Do you know how the Function type works ? I’ve noticed that each function has a specific concrete type called typeof(func) but I don’t know if some of the functions have the same concrete type (for example if they share the same type signature).

I’m going to test your solution with my bigger code, thanks a lot!

UPDATE:

I tested your struct syntax and actually, it decreases the performance (about +50% runtime with a scale of milliseconds). I think maybe this is due to what you’ve anticipated: a lot of different structs are created and it has an impact on the performance.

Hello,

Thank you for your answer. Actually I didn’t interpolate on purpose.

Indeed, my goal is to see the computation time of everything including the time access of the variables. If I interpolate, I discard the time access of my function that is stored into a struct object.

I revealed with other tools (Coverage.jl) that an allocation (malloc()) is made each time I get an access to the function. This computation time is not revealed if I interpolate my variables within the @btime macro.

Sorry to interfere, but in order to avoid XYProblem can you explain original problem that you are trying to solve? What you are trying to do looks very unidiomatic and probably it is possible to change your approach one step before the current issue.

4 Likes

Hello,

I haven’t specified what i’m precisely implementing in order to reduce the length of the topic (it is already quite long). Here is a summary.

I’m implementing a specific type of automata. An automaton is represented by a struct type. They are nodes and edges among other things. Each edge contains a predicate function.

These automata objects are created by metaprogramming. I don’t know in advance the name of the predicate functions contained in these edges because the edges, including predicate functions, are created by metaprogramming.

Sorry for continue derailing this topic, but have you seen Automa.jl and also this blogpost which shows how to use it? I think authors had the same problem as you do and they have developed their own approach to solve it, maybe it’ll be useful for you too.

Also, how much control you have over metaprogramming part? For example, instead of generating one struct with various functions, you can generate multiple structs and let multiple dispatch do its job

struct EdgeStruct1
  tr::EdgeTransition
end

struct EdgeStruct2
  tr::EdgeTransition
end

func1(e::EdgeStruct1, t, values, x, p)  = t <= 0.025 && (values[1] < 50.0 || values[1] > 75.0)
func1(e::EdgeStruct2, t, values, x, p)  = t > 0.225 && values[1] < 12.0
1 Like

Something went wrong with the benchmarking here, which is that the compiler was able to do all the work at compile time, leaving nothing for runtime, so this is an example of benchmark interpolation gone wrong (timings below 1ns are generally not meaningful.)

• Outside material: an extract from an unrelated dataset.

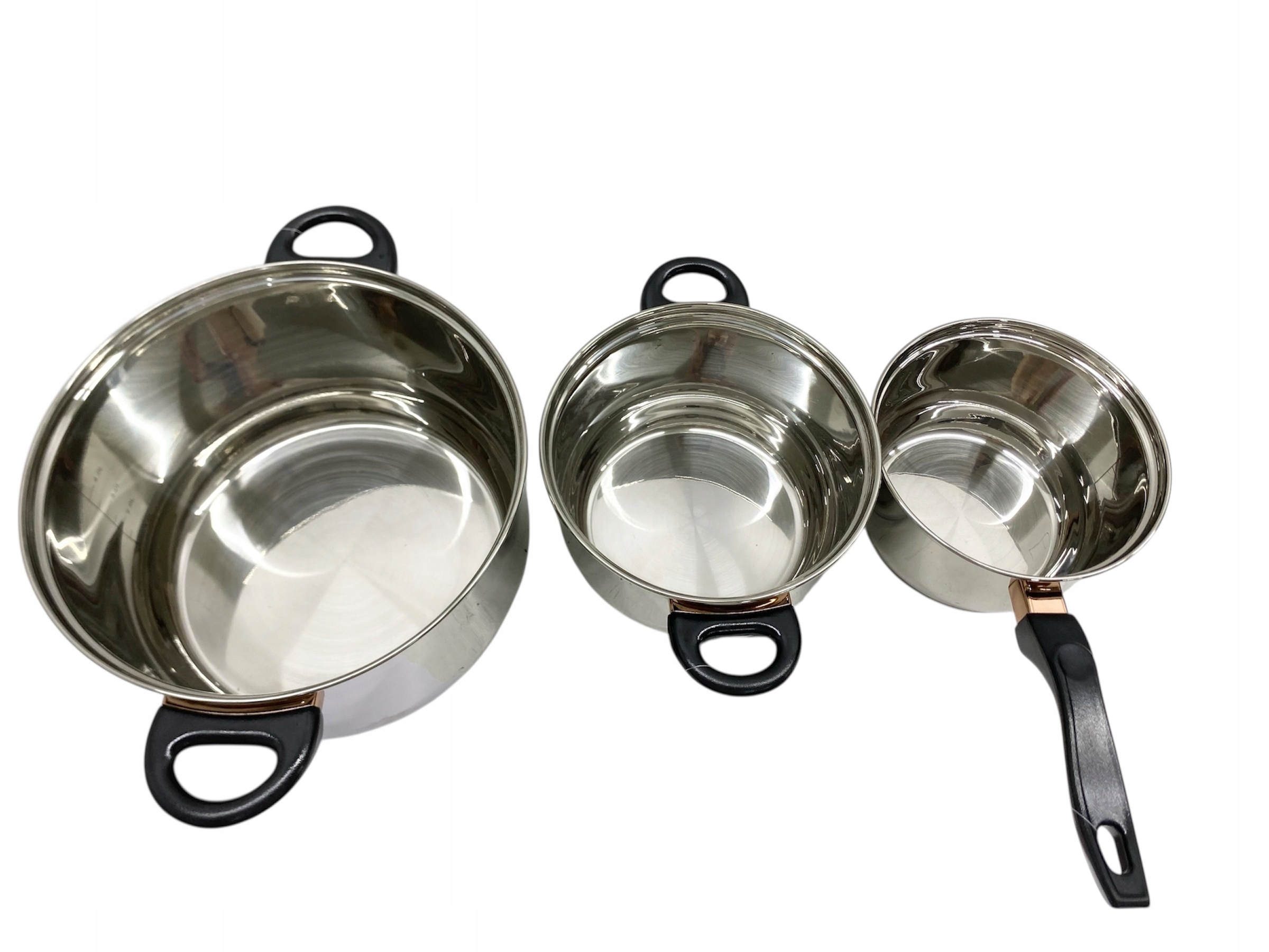 STAN TOWARU: POWYSTAWOWY, ZESTAW ZAWIERA 2 GARNKI ORAZ RONDEL WRAZ Z POKRYWKAMI, BRAKUJE PATELNI ORAZ DWÓCH GARNKÓW, OPAKOWANIE ORYGINAKNE ZE ŚLADAMI MAGAZYNOWANIA.

You need the Ref trick here (afraid I can never remember how to do that.)

1 Like

Don’t be sorry I think you’ve perfectly understood the kind of issues I’m facing.

I didn’t know the Automa.jl package but the tutorial you’ve sent indeed seems very useful for my case. I’m going to go deeper into the reading. Also, it looks like a very interesting package, thanks for the share!

I have total control over the metaprogramming part. With your solution, I assume I have to create an abstract type Edge and all the constructed edges should inherit from this abstract type. Normally after one execution, the Julia compiler should infer well. It looks like a very elegant solution…

Thanks a lot for your answer!

2 Likes

Hello again,

After spending some time considering your answers, I managed to identify what’s going on about my lack of performance. Here is a return.

Things are getting worst when I have to access functions into any collection. I wrote a benchmark script in order to test several mentioned methods. It creates a bunch of test functions and access and call them into different data structures.

using BenchmarkTools

println("Cost of 20 boolean tests:")
f_test(a::Int) = a == 2
@btime for i = 1:20
    f_test(3)
end

# Multiple dispatch
abstract type SuperType end
for i = 1:10
    include_string(Main, "struct Type$i <: SuperType v::Symbol end")
    include_string(Main, "f(item::Type$i, a::Int) = a == $(i)")
end
vec_types = SuperType[]
for i = 1:20
    rand_number_type = rand(1:10)
    @eval item = $(Symbol("Type$(rand_number_type)"))(:test)
    push!(vec_types, item)
end
println("Multiple dispatch:")
function read(vec_types::Vector{SuperType}, a::Int) 
    for item in vec_types
        f(item, a)
    end
end
@btime read(vec_types, 3)

# Parametric struct
struct AnotherSuperType{T<:Function}
    v::Symbol 
    f::T
end
vec_others_types = AnotherSuperType[]
for i = 1:20
    rand_number_type = rand(1:10)
    include_string(Main, "f_other_$(i)(a::Int) = a == $(i)")
    sym_func = Symbol("f_other_$i")
    @eval push!(vec_others_types, AnotherSuperType(:test, $(sym_func)))
end
println("Parametrized struct:")
function read(vec_others_types::Vector{AnotherSuperType}, a::Int)
    for item in vec_others_types
        item.f(a)
    end
end
@btime read(vec_others_types, 3)

# With two vectors
println("Vectors:")
vec_tr = Union{Nothing,Symbol}[]
vec_func = Function[]
for i = 1:20
    rand_number_type = rand(1:10)
    include_string(Main, "f_vec_$(i)(a::Int) = a == $(i)")
    sym_func = Symbol("f_vec_$i")
    push!(vec_tr, :test)
    @eval push!(vec_func, $(sym_func))
end
function read(vec_tr::Vector{Union{Nothing,Symbol}}, vec_func::Vector{Function}, a::Int) 
    for i = eachindex(vec_tr)
        vec_func[i](a)
    end
end
@btime read(vec_tr, vec_func, 3)

It gives the output:

Cost of 20 boolean tests:
  2.207 ns (0 allocations: 0 bytes)
Multiple dispatch:
  803.337 ns (0 allocations: 0 bytes)
Parametrized struct:
  1.833 μs (0 allocations: 0 bytes)
Vectors:
  1.172 μs (0 allocations: 0 bytes)

The first “multiple dispatch” method is the one mentioned by @Skoffer whereas the “parametrized struct” method is the one mentioned by @rdeits. The third test checks if the separation of data in several vectors (a specific vector for functions and another vector for the associated data) improves the performance.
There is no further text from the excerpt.